◆ **WHAT IS NEEDED**: I'd like the data beneath this line reproduced exactly, without any of its images.

====== SUPPLIED DATA ======

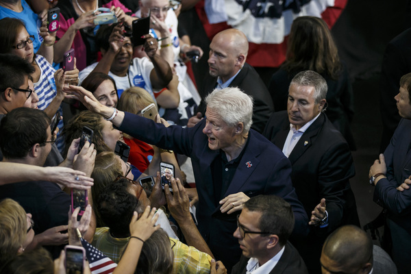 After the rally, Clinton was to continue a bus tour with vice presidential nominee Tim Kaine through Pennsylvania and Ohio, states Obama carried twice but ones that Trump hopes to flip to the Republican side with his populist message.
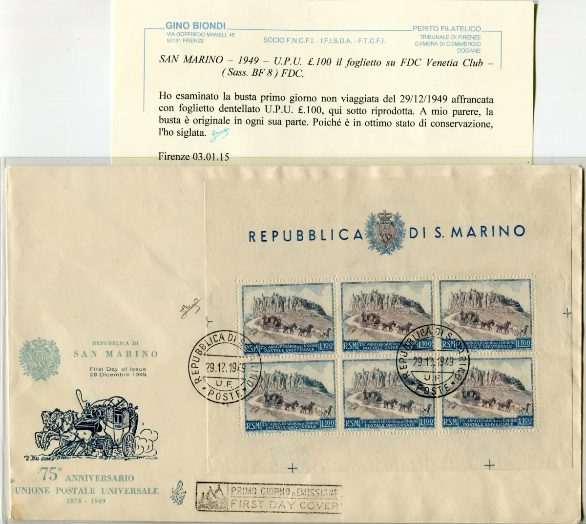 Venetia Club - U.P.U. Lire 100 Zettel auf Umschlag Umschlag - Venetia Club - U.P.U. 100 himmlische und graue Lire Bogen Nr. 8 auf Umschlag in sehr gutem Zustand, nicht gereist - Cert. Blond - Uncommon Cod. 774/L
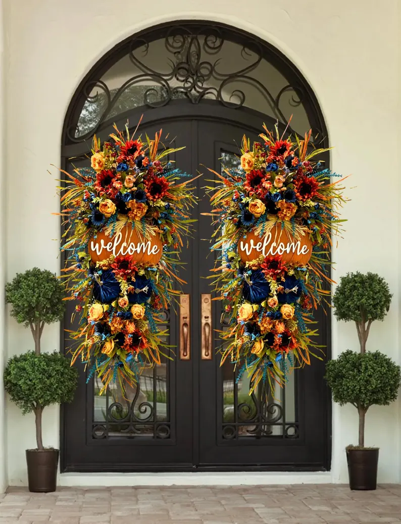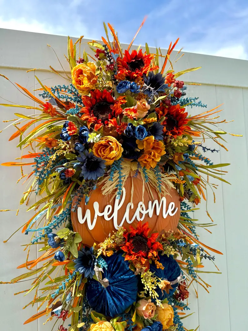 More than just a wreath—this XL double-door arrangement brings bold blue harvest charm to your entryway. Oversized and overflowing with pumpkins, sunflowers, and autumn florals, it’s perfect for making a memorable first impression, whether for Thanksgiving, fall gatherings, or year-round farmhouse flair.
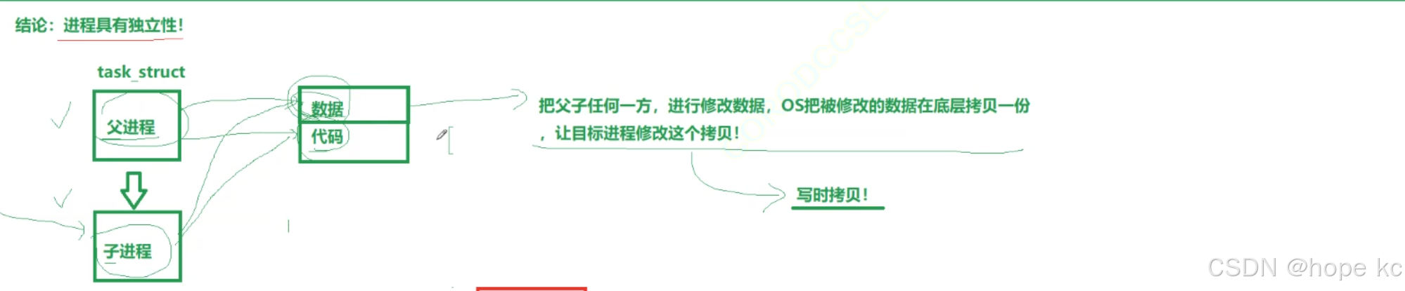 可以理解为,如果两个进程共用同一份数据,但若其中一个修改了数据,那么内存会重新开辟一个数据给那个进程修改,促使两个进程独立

======

◆ **OUTPUT OF THE EXERCISE**:
 After the rally, Clinton was to continue a bus tour with vice presidential nominee Tim Kaine through Pennsylvania and Ohio, states Obama carried twice but ones that Trump hopes to flip to the Republican side with his populist message.
 Venetia Club - U.P.U. Lire 100 Zettel auf Umschlag Umschlag - Venetia Club - U.P.U. 100 himmlische und graue Lire Bogen Nr. 8 auf Umschlag in sehr gutem Zustand, nicht gereist - Cert. Blond - Uncommon Cod. 774/L
 More than just a wreath—this XL double-door arrangement brings bold blue harvest charm to your entryway. Oversized and overflowing with pumpkins, sunflowers, and autumn florals, it’s perfect for making a memorable first impression, whether for Thanksgiving, fall gatherings, or year-round farmhouse flair.
 可以理解为,如果两个进程共用同一份数据,但若其中一个修改了数据,那么内存会重新开辟一个数据给那个进程修改,促使两个进程独立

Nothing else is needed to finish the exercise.